Jorge Amado – A Hora da Guerra

Para matar a saudade de sua prosa, a editora Companhia das Letras lança livro inédito de Jorge Amado – A Hora da Guerra, veja a sinopse abaixo:
A ‘Hora da Guerra’ é uma pequena trincheira”, define Jorge Amado, no texto que comemora o aniversário de um ano da coluna que manteve diariamente entre 1942 e 1945, no jornal O Imparcial, de Salvador. Reunidas pela primeira vez em livro, as 103 melhores crônicas dessa coluna revelam um escritor engajado no esforço dos aliados para derrotar o nazifascismo na Europa, na África e na Ásia.

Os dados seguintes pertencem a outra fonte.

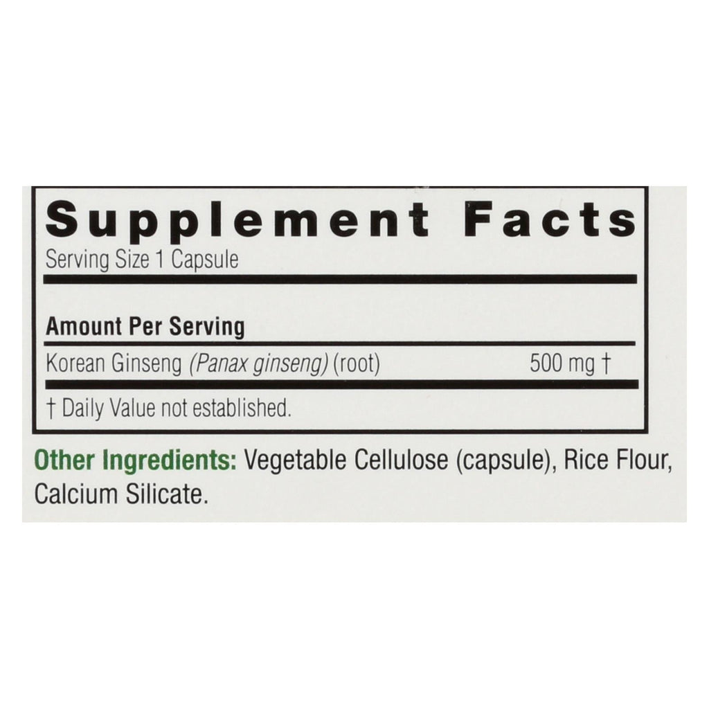 Nature's answer korean ginseng dietary supplement contains 500 mg. Of panax ginseng root to promote calm and overall well being. Each 50 count bottle is holistically balanced and goes through 100 checkpoints for the highest quality. The formula is not tested on animals and is cruelty free for those concerned about animal welfare. These capsules are also certified parve and and free of gluten.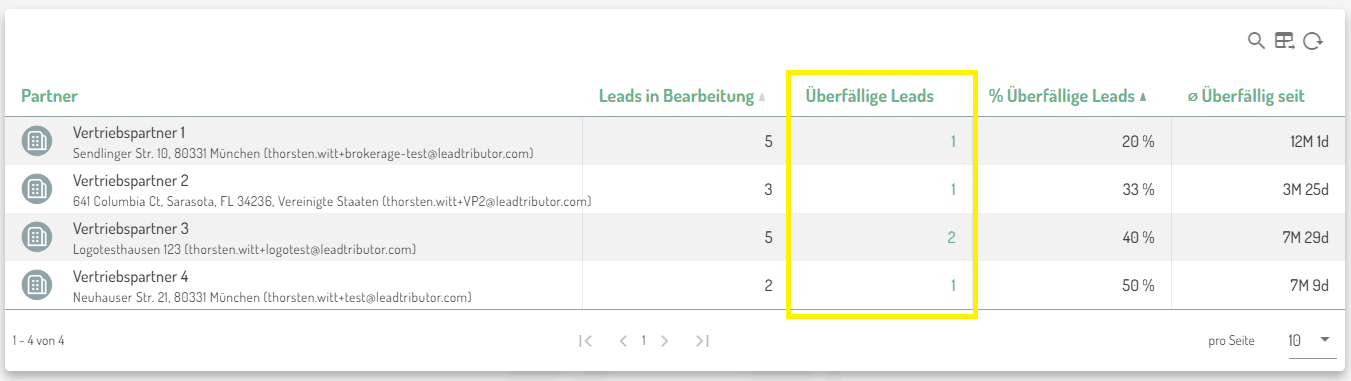 Zur besseren Einordnung zeigen wir Ihnen neben der Anzahl überfälliger Leads auch die Anzahl aller Leads, die sich aktuell in Bearbeitung (d.h. ohne Ergebnis) bei dem jeweiligen Vertriebspartner befinden. Außerdem geben wir Ihnen die mittlere Überfälligkeitszeit aller aktuell überfälligen Leads aus.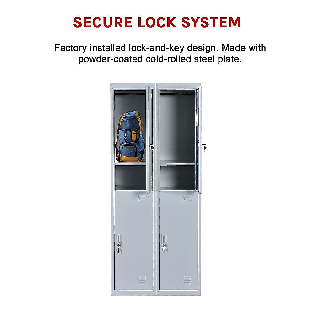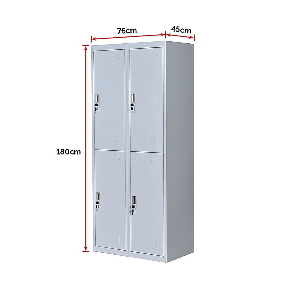 Four spacious lockers are arranged in a compact 2 x 2 grid. They're perfect to store a change of clothes, keep valuables, and store other a variety of personal belongings short-term or long-term.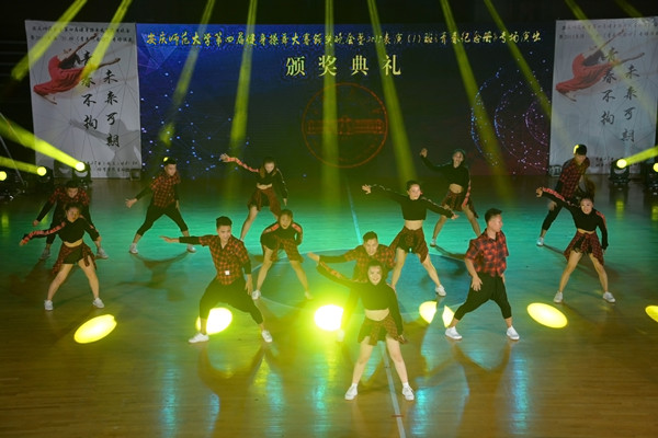 动感的音乐、炫彩的灯光和欢脱的舞蹈构成了一场精彩绝伦的晚会。6月27日晚,体育学院在校篮球馆举行第四届健身操舞大赛颁奖晚会暨2015级体育表演专业(1)班专场汇报演出。校党委常委、纪委书记胡腊香,校党委常委、组织部部长、体育学院党委书记戴卫义,校党委常委、教务处处长苏本跃及学生处、校团委等部门负责同志与学生们一同观看了表演。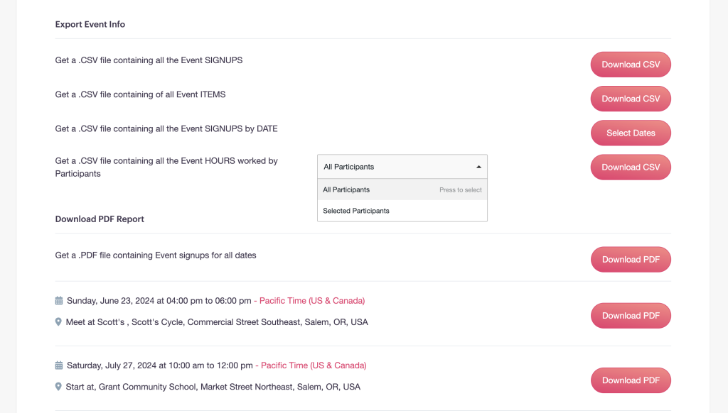 • CSV of Event Hours worked for all Participants or Selected Participants

Mas a compreensão que Jorge Amado tinha daquele momento crucial da história ia muito além da frente político-militar. Entre as rajadas que dispara contra Hitler, Mussolini, Franco e Plínio Salgado – e as louvações que dirige a Stálin -, ele defende, nos mais variados campos de atividade, valores caros à civilização, como a liberdade, a tolerância e a paz.
Assim, encontramos nessas páginas artigos que elogiam o papel humanista dos artistas e intelectuais, a atuação das mulheres no esforço de guerra, os romances recém-lançados de José Lins do Rego e Ilya Ehrenburg, a “grande arte” dos quadros de Lasar Segall e a participação de estrelas como Clark Gable e Ernest Hemingway no front, entre vários outros. A retórica veemente é muitas vezes associada a um humor bem brasileiro, como quando o escritor baiano chama o ditador espanhol de “Chico Franco, o gaiato de Madri”.
É sua perspectiva calorosa e humanista, sempre em defesa do homem comum, particularmente daqueles mais desafortunados, que aproxima estas crônicas militantes da prosa lírica dos romances de Jorge Amado.Com seleção de Myriam Fraga, diretora da Fundação Casa de Jorge Amado, e da antropóloga Ilana Seltzer Goldstein, Hora da Guerra traz um prefácio esclarecedor do historiador Boris Fausto e um caderno com 31 imagens históricas da guerra e das personalidades citadas nas crônicas.